In the following we will apply the first approach: since our data are very large, we are obliged to use efficient and reliable tools only, so we use some off-the-shelf programs that are thoroughly tested and can manage large scale data efficiently. Among important known universal compressors we can name: the Lempel-Ziv (LZ) code [20], the PPM (Prediction by Partial Match) code [21], and a wide class of grammar-based codes [22], with many particular instances such as Sequitur [23] and NSRPS (Non-Sequential Recursive Pair Substitution) [12,24]. Whereas all these codes are universal, they are not equal—being based on different principles. The LZ code and the grammar-based codes compress texts roughly by detecting repeated substrings and replacing them with shorter identifiers. A proof of universality of the LZ code can be found in [13], whereas the proof of universality of grammar-based codes can be found in [22]. In contrast, the PPM code is an n-gram based language modeling method [21] which applies variable length n-grams and arithmetic coding. The PPM code is guaranteed to be universal when the length of the n-gram is considered up to the length of the maximal repetition of the input text [25,26].

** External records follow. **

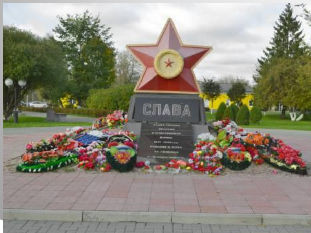
ПАМЯТНИК ВОИНАМ ОСВОБОДИТЕЛЯМ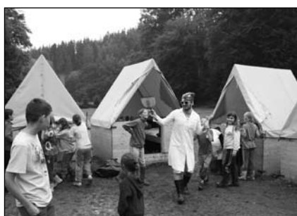
LT Asterix a Obelix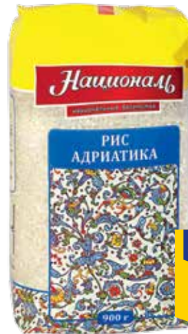
РИС АДРИАТИКА НАЦИОНАЛЬ, 900 г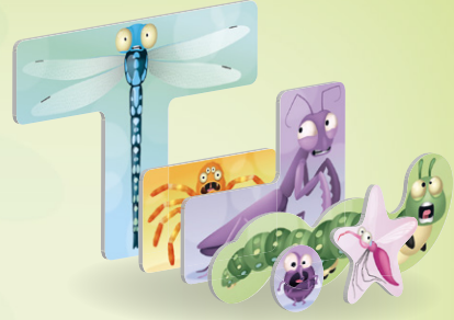
30 Krabbeltierplättchen (6 x 5 verschiedene Farben)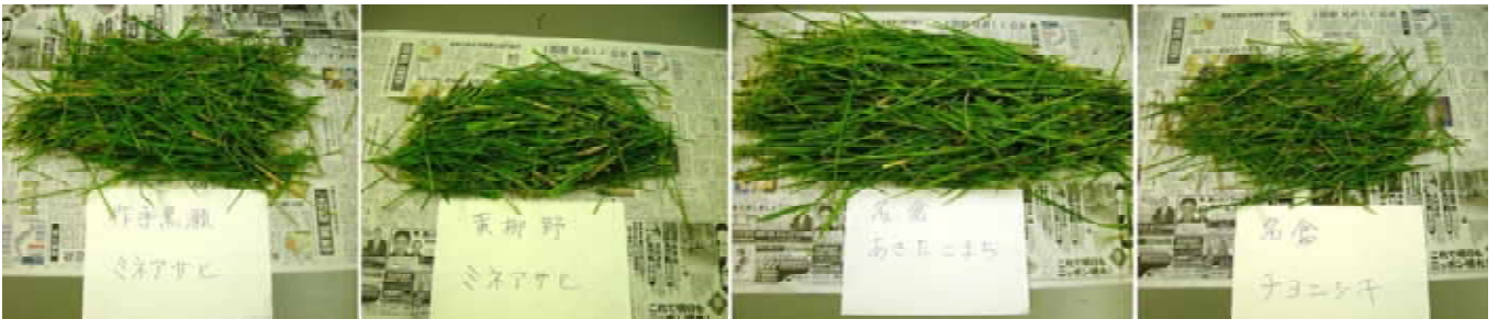
写真2 坪刈りしたヒコバエ（左から作手地区、鳳来地区、名倉地区①、名倉地区②）

同じ品種を栽培した作手地区と鳳来地区を比較したところ（写真2）、収穫後の経過日数が5日短い鳳来地区（標高228m）において、作手地区（標高516m）とほぼ同等の推定発生量であった（第1図）。名倉地区①、②は隣接しているが、①では早生品種「あきたこまち」が栽培され、収穫後の経過日数の違い（10日間）により推定発生量に約8.4倍の差が生じた（第1図）。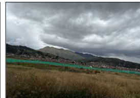
Fotografía N° 23: Vista de la zona de cerco tipo UNI faltante.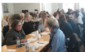
Bergen, august: kurs i endringsleiing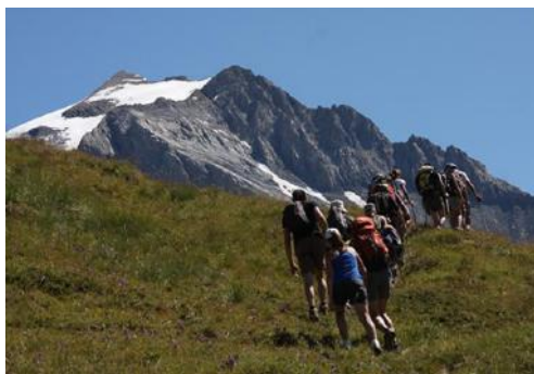
Un espace privilégié pour une balade et même une randonnée...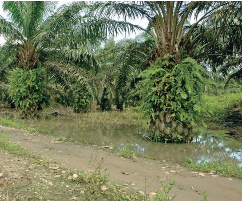
Lote sin sistema de drenaje adecuado.

Este recurso afecta las plantas de forma positiva o negativa de acuerdo con el buen o mal manejo que se le dé en las plantaciones. Por lo que se debe manejar tanto el exceso de agua, con los respectivos drenajes, como la aplicación de riego por escasez de la misma en algunas épocas del año.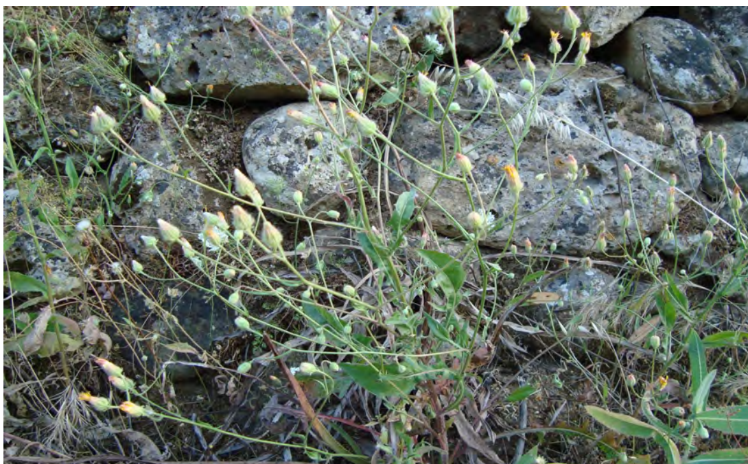
Crepis commutata . Βλαστοί με άνθη (Πρωτότυπη εικόνα)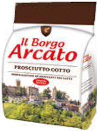
BORG ARCATO PROSCIUTTO COTTO AL KG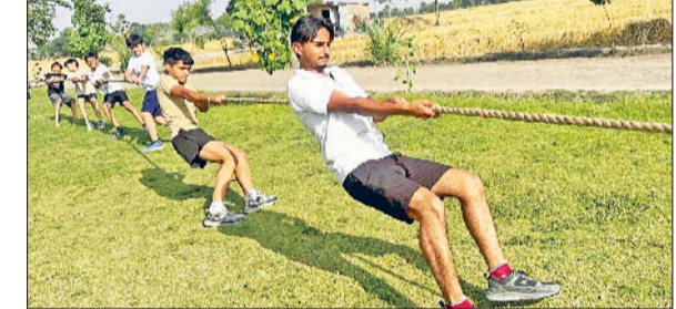
रतिया। खेल प्रतियोगिता में अपनी प्रतिभा दिखाते खिलाड़ी।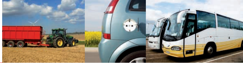
Elektrische Sicherheit in Elektro- und Hybrid-Fahrzeugen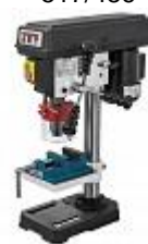
JET JDP-8VM НАСТОЛЬНЫЙ СВЕРЛИЛЬНЫЙ СТАНОК Артикул 10000400M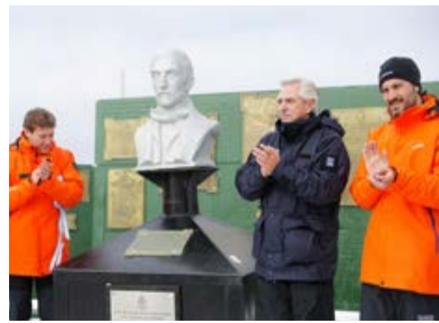
"Nuestra presencia ininterrumpida en el terreno sería única por casi 40 años e implicó la consolidación de la vocación antártica nacional y el inicio de una verdadera política de Estado con respecto a la actividad de la Argentina en la Antártida", explicó en un comunicado la cartera que conduce Santiago Cafiero.

En sintonía, la Cancillería remarcó que el "compromiso ambiental argentino se demuestra con la propuesta presentada junto a Chile de creación de un Área Marina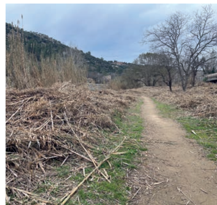
La intervenció es fa al llarg de 3 quilòmetres

tipus de planta (boga, canyís i salicària), que a partir d'ara acompanyaran les espècies autòctones que encara resistien a la zona, com els àlbers i els freixes. Les plantacions es faran molt properes a l'aigua per assegurar-ne la pervivència. L'objectiu del projecte és recuperar el bosc de ribera propi del riu Cardener, que és molt dinàmic i que s'espera que es pugui anar reproduint al llarg de la següent dècada.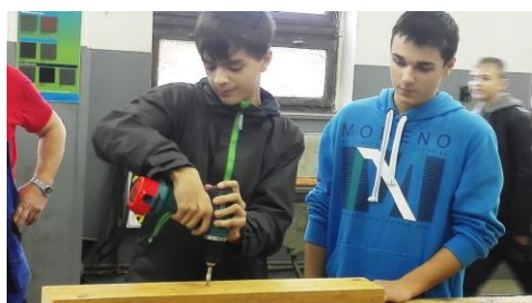
Technohrátky ISŠ Moravská Třebová a SOŠ a SOU Polička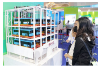
全自动新能源公交立体车库模型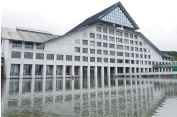
東北芸術工科大学

～学校法人東北芸術工科大学へ最新Mac 高性能ストレージ及び高速ネットワークを導入～

A very important question for our application is the scaling of the encoding rate of off-the-shelf implementations of universal codes for finite real data. Since the probabilistic model of natural language remains unknown, the notion of universality may serve only as a possible standard to obtain a stringent upper bound. One may raise some doubt that natural language is strictly stationary since the word frequencies exhibit formidable long-memory effects, as indicated, e.g., by [27,28,29]. Moreover, many off-the-shelf compressors are not strictly universal, since they are truncated in various ways to gain the computational speed. Such truncations usually take form of a bounded traversing window length, so the respective compressors converge to the entropy of the traversing window rather than to the true entropy rate. Still, it is possible to implement a compressor that does not have this deficiency and there exist such off-the-shelf compressors. The simplest way to identify suitable compressors is by experimental inspection, excluding those for which the encoding rate is too large.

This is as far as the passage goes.